Proof. For each $\epsilon > 0$, consider the function $f_\epsilon(x) = f(x) + \epsilon \|x\|$. Since $f$ is lower bounded and lower semicontinuous, $f_\epsilon$ is coercive and lower semicontinuous and by Corollary 2 it attains a (global) minimum in $x^*_\epsilon$. At this point, it could seem tempting to consider the gradient of $f_\epsilon$ at $x^*_\epsilon$; however, this would require $f_\epsilon$ to be Gâteaux differentiable, which is generally not true. Instead, we go a different route, much akin to our proof of Fermat’s theorem. Assume $\nabla f(x^*_\epsilon) \neq 0$ (or otherwise we are done). For all directions $d \in E$ and for all $t > 0$ we must have \[ \frac{1}{t}\left(f_\epsilon(x^*_\epsilon - td) - f_\epsilon(x^*_\epsilon)\right) \ge 0. \] Expanding the definition of $f_\epsilon$ we obtain \[ \frac{1}{t}\left(f(x^*_\epsilon - td) - f(x^*_\epsilon) + \epsilon (\|x^*_\epsilon - td\| - \|x^*_\epsilon\|)\right) \ge 0. \] Using the triangle inquality $t\|d\| \ge \|x^*_\epsilon - td\| - \|x^*_\epsilon\|$ we find \[ \frac{1}{t}\left(f(x^*_\epsilon - td) - f(x^*_\epsilon)\right) + \epsilon \|d\| \ge 0. \] Since $f$ is Gâteaux differentiable, taking the limit as $t \downarrow 0$, we find \[ -\langle \nabla f(x^*_\epsilon), d \rangle + \epsilon \|d\| \ge 0. \] Substituting $d = \nabla f(x^*_\epsilon)$ and dividing by $\|\nabla f(x^*_\epsilon)\|$, the claim follows. $\square$ Notice in the proof above that as $\epsilon \downarrow 0$, $\min f_\epsilon \to \inf f$. Indeed, fix any $\delta > 0$, and let $\bar x$ be any point such that $f(\bar x) \le \delta + \inf f$ ($\bar x$ must exist by definition of infimum). Then, any value of $\epsilon$ small enough that $\epsilon \|\bar x\| \le \delta$ is such that \[ \begin{aligned} \min_{x\in E} f_\epsilon(x) &\le f_\epsilon(\bar x)\\ &= f(\bar x) + \epsilon \|\bar x\|\\ &\le \inf f(x) + 2\delta, \end{aligned} \] and therefore the minimum of $f_\epsilon$ converges to the infimum of $f$. We have just proved the following.
Theorem 4.
Let $f: E \to\,\mathbb{R}$ be a Gâteaux differentiable, lower semicontinuous and lower bounded function. Then, there exists a sequence $\{x_i\}$ such that \[ f(x_i) \to \inf f, \quad \nabla f(x_i) \to 0. \]
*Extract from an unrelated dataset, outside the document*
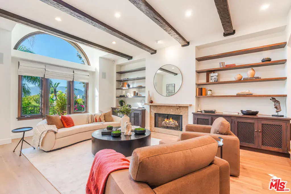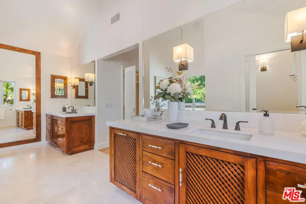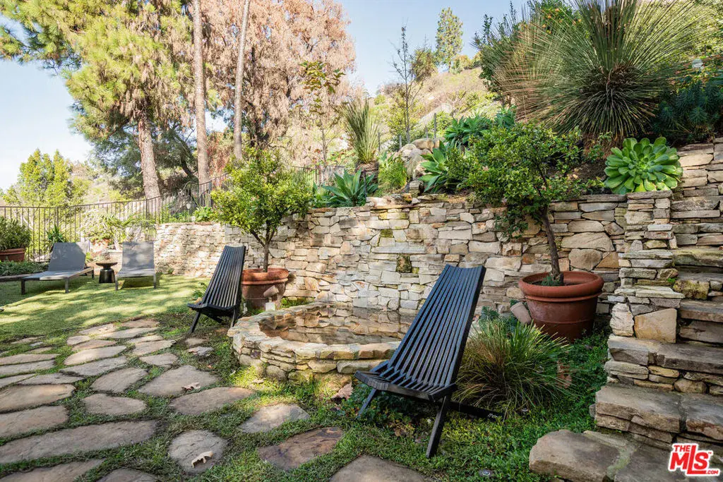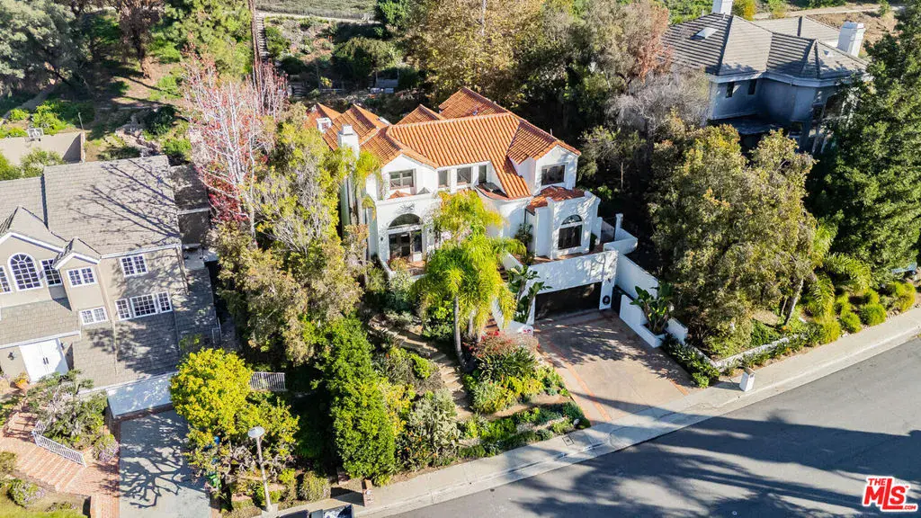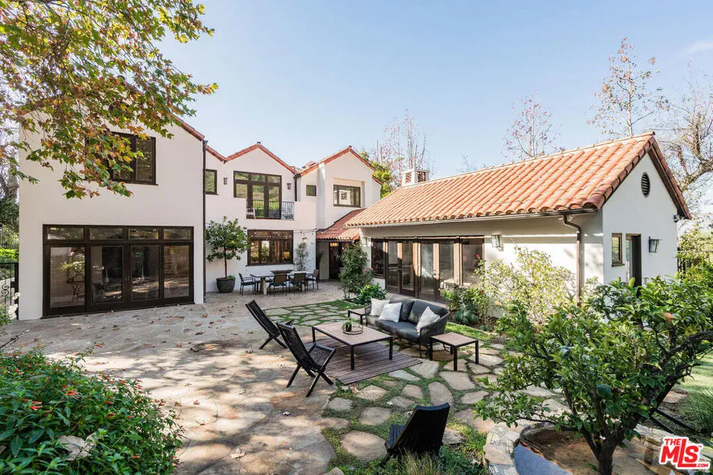 Experience timeless design and modern coastal living in this beautifully renovated Spanish-style estate located in the highly desirable Palisades Hills Estates. Thoughtfully renovated and beautifully appointed, this spacious home offers exceptional craftsmanship, seamless indoor-outdoor flow, and a detached guest studio, perfect for family, guests, or a private office. The elegant, vaulted entryway opens to a grand living room and formal dining area with dramatic beamed ceilings, and beautiful, modern, wood floors throughout the home. The heart of the home is an expansive great room that seamlessly connects to a gourmet chef’s kitchen featuring top-tier stainless steel appliances, marble countertops, and a generous, walk-in butler’s pantry. A 700+ bottle, temperature-controlled, wine room is ideal for storing those perfect bottles of wine for those special occasions. Multiple rooms open to the outdoors, creating a natural connection to the lush gardens and patio spaces. Upstairs, the primary suite is a serene retreat with a vaulted sitting room, private balcony, dual walk-in closets, and a spa-inspired bath with a luxurious, free-standing tub, steam shower, and dual vanities. Two additional ensuite bedrooms upstairs offer comfort and privacy. Additionally, there is separate, designated office on the main level which could act as an additional bedroom in the main house. The backyard is an entertainer’s dream, complete with mature landscaping, fruit trees, garden paths, a built-in BBQ, Tuscan split rock pizza oven, a tranquil waterfall pond, and a romantic covered patio with fireplace. Residents of Palisades Hills Estates enjoy exclusive access to a private recreation club with pool, spa, tennis, pickleball, and basketball courts, offering a true resort-style lifestyle just minutes from the heart of Pacific Palisades.

In fact, Theorem 4 can be seen as a precursor of Ekeland’s variational principle.

4. A cool application: Gordan’s lemma

Lemma 1 (Gordan).
Let $a_1, \ldots, a_m$ be point in $\mathbb{R}^n$. Then exactly one of the following is true:
  1. The origin is in the convex hull of $\{a_1, \ldots, a_m\}$, that is there exist $\lambda_1, \ldots, \lambda_m \ge 0$, $\lambda_1 + \cdots + \lambda_m = 1$ such that $\lambda_1 a_1 + \cdots + \lambda_m a_m = 0$.
  2. All points are strictly on the same side of a hyperplane passing through the origin, that is there exists $\mu \in \mathbb{R}^n$ such that $\langle \mu, a_i \rangle < 0$ for all $i = 1, \ldots, m$.
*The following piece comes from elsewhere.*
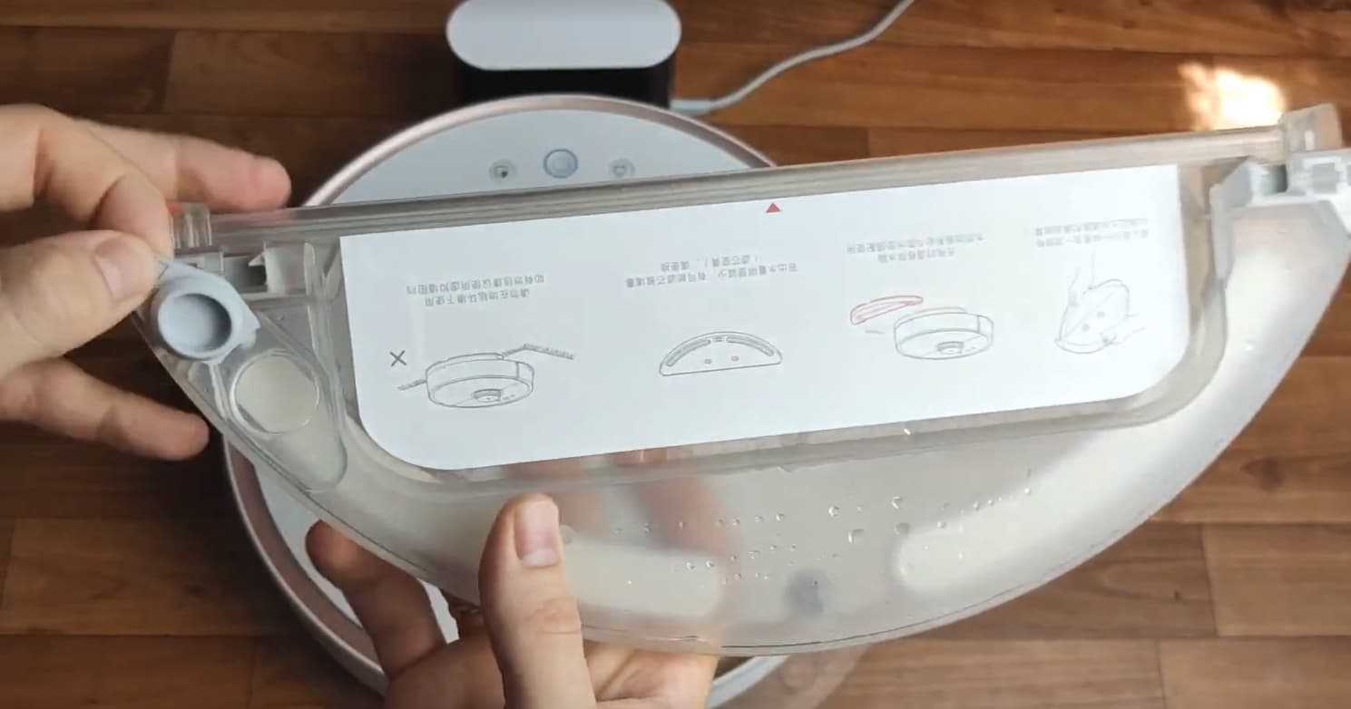 В процессе своей работы вода из контейнера будет поступать на салфетку из микрофибры в автоматическом режиме, поэтому настоятельно не рекомендуется, чтобы емкость, если в ней осталась вода, была внутри робота-пылесоса, когда он не движется и не работает. Из-за этого под устройством достаточно быстро будут образовываться лужи. Обязательно надо вынимать контейнер с водой (даже если ее осталось немного) из робота-пылесоса в процессе зарядки устройства.

Theorem 4 can be used to prove Gordan’s lemma without resorting to a separation argument. Perhaps mysteriously, the proof relies on the following Fréchet differentiable (hence in particular Gâteaux differentiable and lower semicontinuous) function
\[h:\,\mathbb{R}^n \to \mathbb{R},\quad \mu \mapsto \log\left(\sum_{i=1}^m \exp \langle \mu, a_i \rangle\right).\]
The reason why this function is interesting is that its gradient provides a convex combination of the $a_i$’s:
\[\nabla h(\mu) = \sum_{i=1}^m \left( \frac{\exp \langle \mu, a_i\rangle}{\sum_{j=1}^m \exp \langle \mu, a_j \rangle}\right) a_i.\] (1)
where the $\beta_i(\mu) := \frac{\exp \langle \mu, a_i\rangle}{\sum_{j=1}^m \exp \langle \mu, a_j \rangle}$ are nonnegative and sum to 1. Proof of Gordan’s lemma. We break the proof into two parts.
  • Condition 1 true $\Rightarrow$ condition 2 false.
    For contradiction, assume that both conditions hold, and take a $\mu \in \mathbb{R}^n$ that satisfies condition 2. Then, \[ \begin{aligned} 0 &= \langle \mu, 0 \rangle\\ &= \langle \mu, \lambda_1 a_1 + \cdots + \lambda_m a_m \rangle\\ &= \lambda_1 \langle \mu, a_1 \rangle + \cdots + \lambda_m \langle \mu, a_m \rangle\\ &< 0, \end{aligned} \] where the last inequality holds since at least one of the $\lambda$’s must be strictly positive.
  • Condition 2 false $\Rightarrow$ condition 1 true.
    If condition 2 is false, then for each $\mu \in\mathbb{R}^n$ there exists an $i$ such that $\langle \mu, a_i \rangle \ge 0$. Hence, $h(\mu) \ge 0$ and $h$ is lower bounded. We can then use Theorem 3 and extract a sequence $\{\mu_k\}$ such that $\nabla h(\mu_k) \to 0$. Using Equation 1, we can rewrite this as \[ \sum_{i=1}^m \beta_i(\mu_k) a_i \to 0. \] Since each convex combination vector $\{(\beta_1(\mu_k), \ldots, \beta_m(\mu_k))\}$ lives in a bounded set, we can assume without loss of generality (by using the Bolzano-Weierstrass theorem) that $\beta_i(\mu_k) \to {\bar \beta}_i \ge 0$, with ${\bar\beta}_1+\cdots +{\bar\beta}_m=1$, and therefore \[ \sum_{i=1}^m {\bar\beta}_i a_i = 0. \] $\square$